Excerpts from a dataset

▬▬▬▬▬▬▬▬▬▬

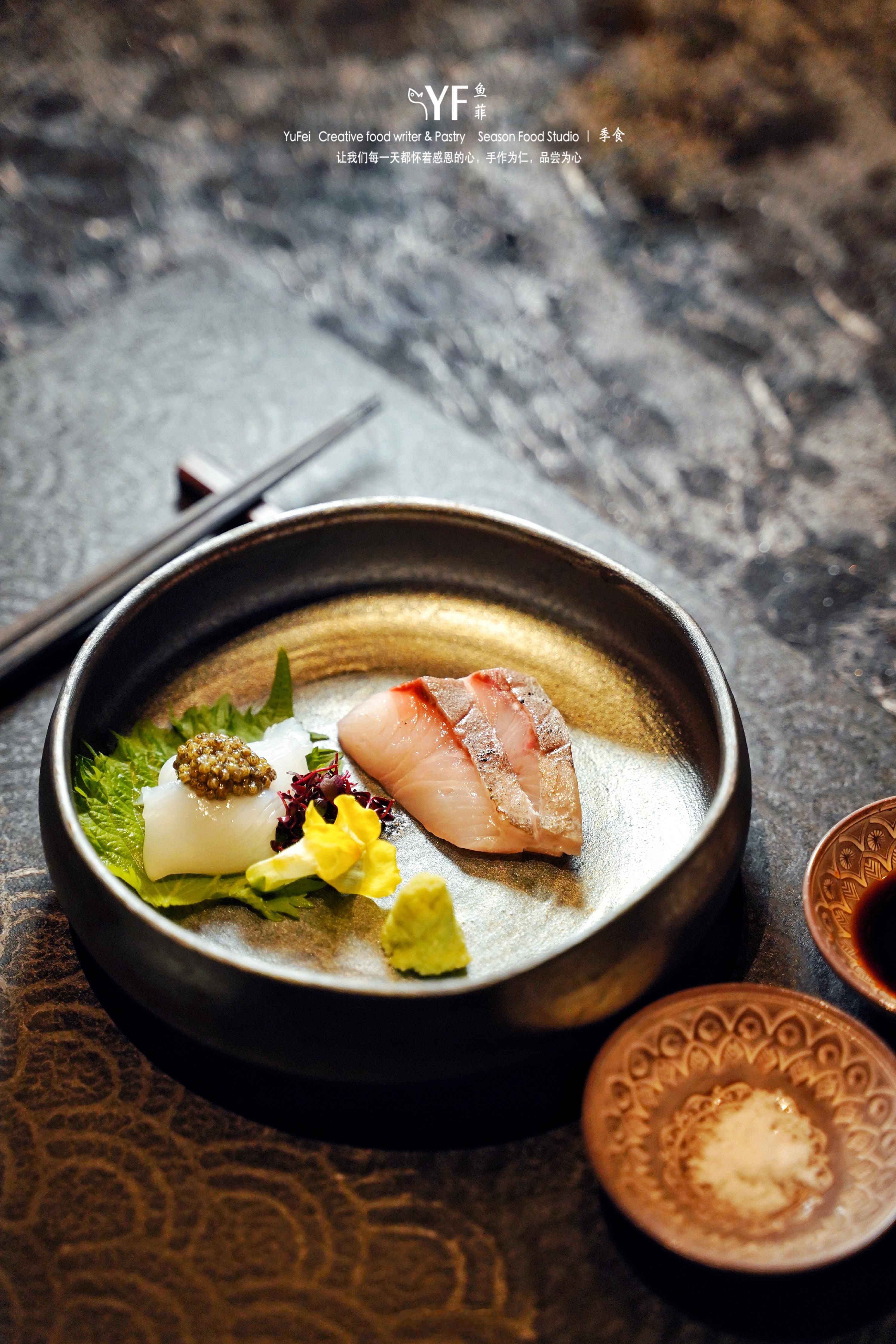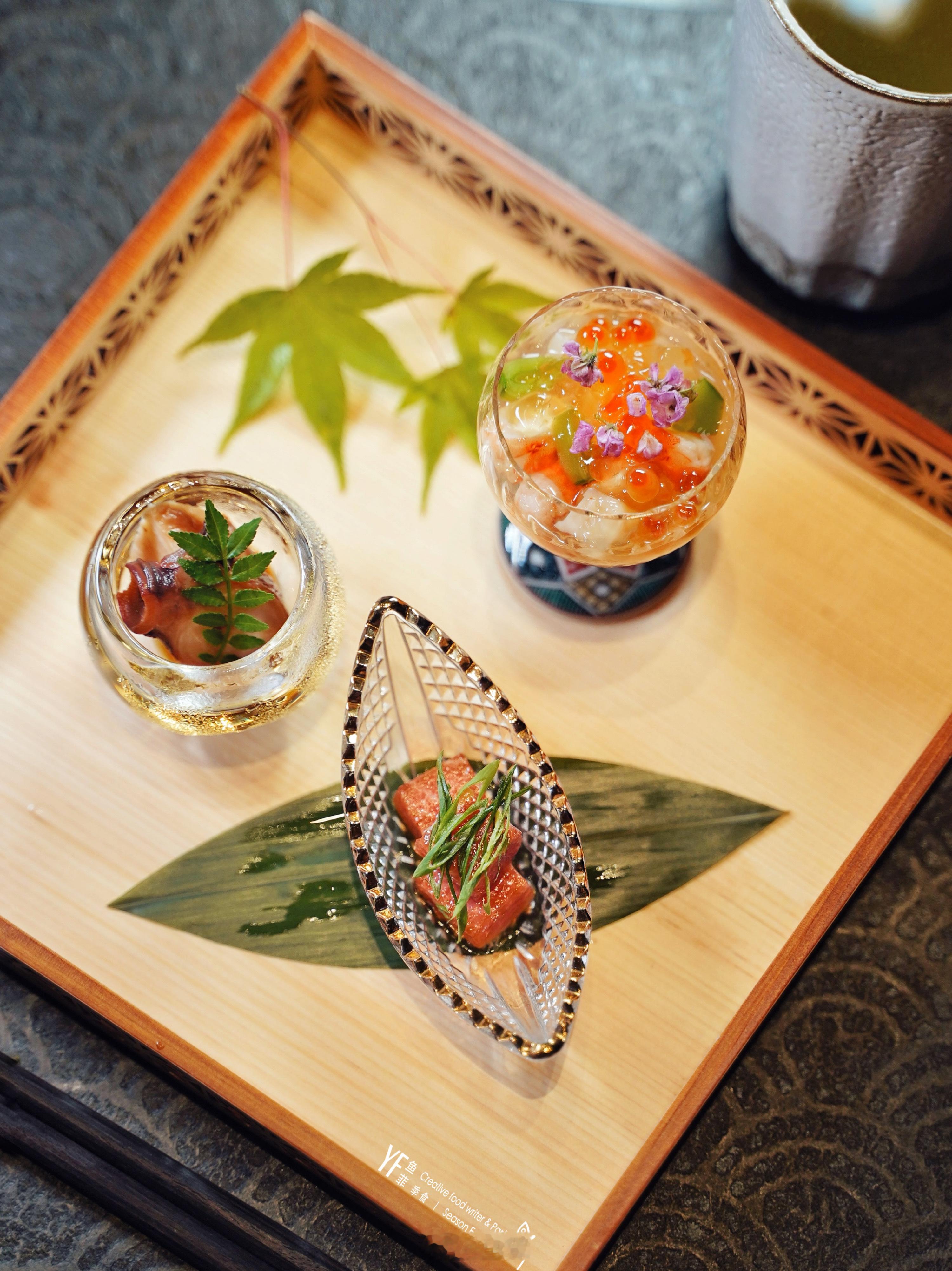 🍱料理中的鱼生,亦是一绝,像车海老帆立贝佐醋啫喱、蓝旗吞拿鱼中腹、搭配现磨的静冈县山葵,糯甜微辣,淡淡的辣度,来如急雨去若骤风,刚好将刺身自有的甜鲜承味。
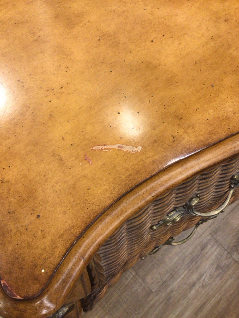 AS-IS Wood & Rattan Woven Three Drawer Bombay Chest(Mark On Top)
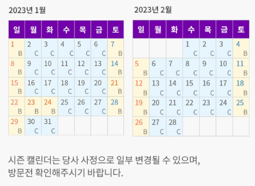 에버랜드 홈페이지에서 시즌 달력을 꼭 확인하시길 바랍니다!
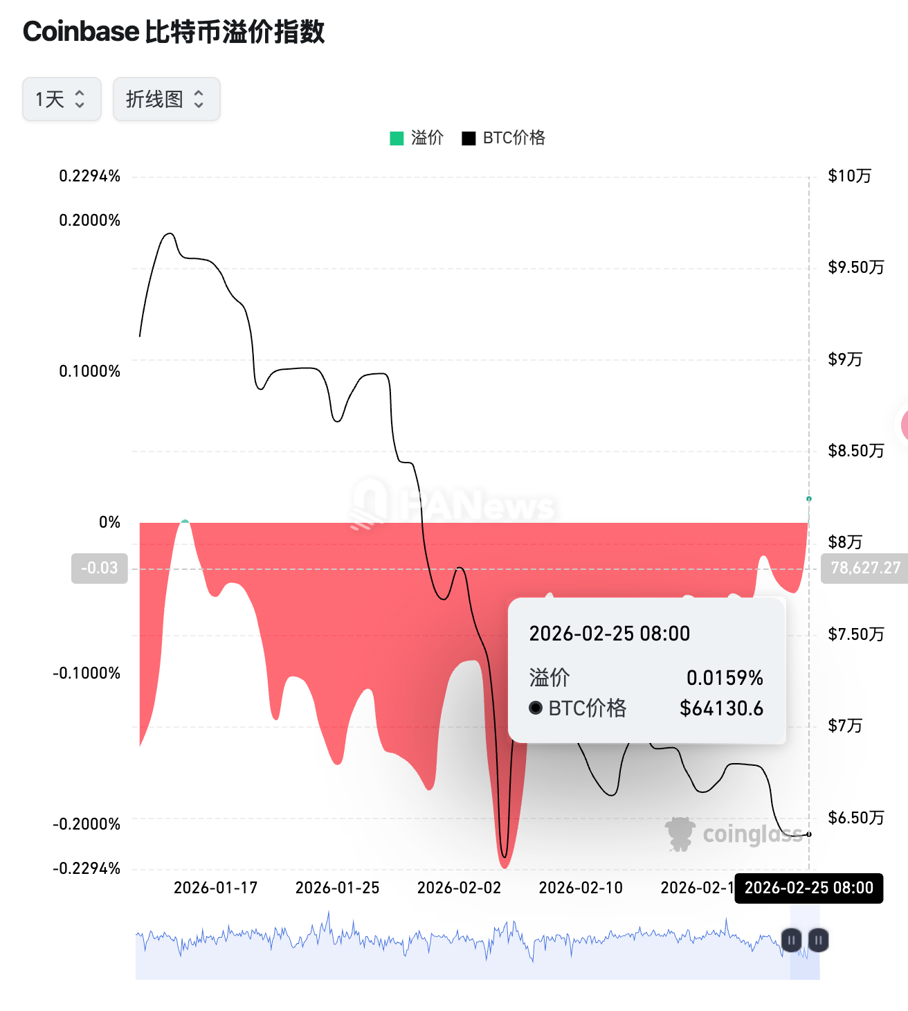 PANews 2月25日消息,據CoinGlass數據顯示,截至2026年2月25日08:00(UTC+8),Coinbase比特幣溢價指數報0.0159%,結束此前連續約40日負值區間,同期BTC價格報64130.6美元。該指標轉正通常反映美國市場買盤回暖,或預示資金情緒邊際改善。
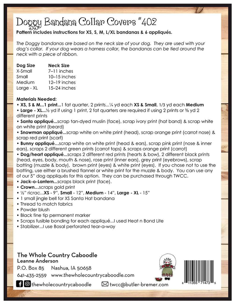 Pattern includes instructions for XS, Small, Medium, Large-XL bandanas & 6 appliques.

▬▬▬▬▬▬▬▬▬▬

▸ **WHAT YOU WILL DO**
Set down all of the entries exactly as they appear, but keep the images out.

▸ **REPLY**
 🍱料理中的鱼生,亦是一绝,像车海老帆立贝佐醋啫喱、蓝旗吞拿鱼中腹、搭配现磨的静冈县山葵,糯甜微辣,淡淡的辣度,来如急雨去若骤风,刚好将刺身自有的甜鲜承味。
 AS-IS Wood & Rattan Woven Three Drawer Bombay Chest(Mark On Top)
 에버랜드 홈페이지에서 시즌 달력을 꼭 확인하시길 바랍니다!
 PANews 2月25日消息,據CoinGlass數據顯示,截至2026年2月25日08:00(UTC+8),Coinbase比特幣溢價指數報0.0159%,結束此前連續約40日負值區間,同期BTC價格報64130.6美元。該指標轉正通常反映美國市場買盤回暖,或預示資金情緒邊際改善。
 Pattern includes instructions for XS, Small, Medium, Large-XL bandanas & 6 appliques.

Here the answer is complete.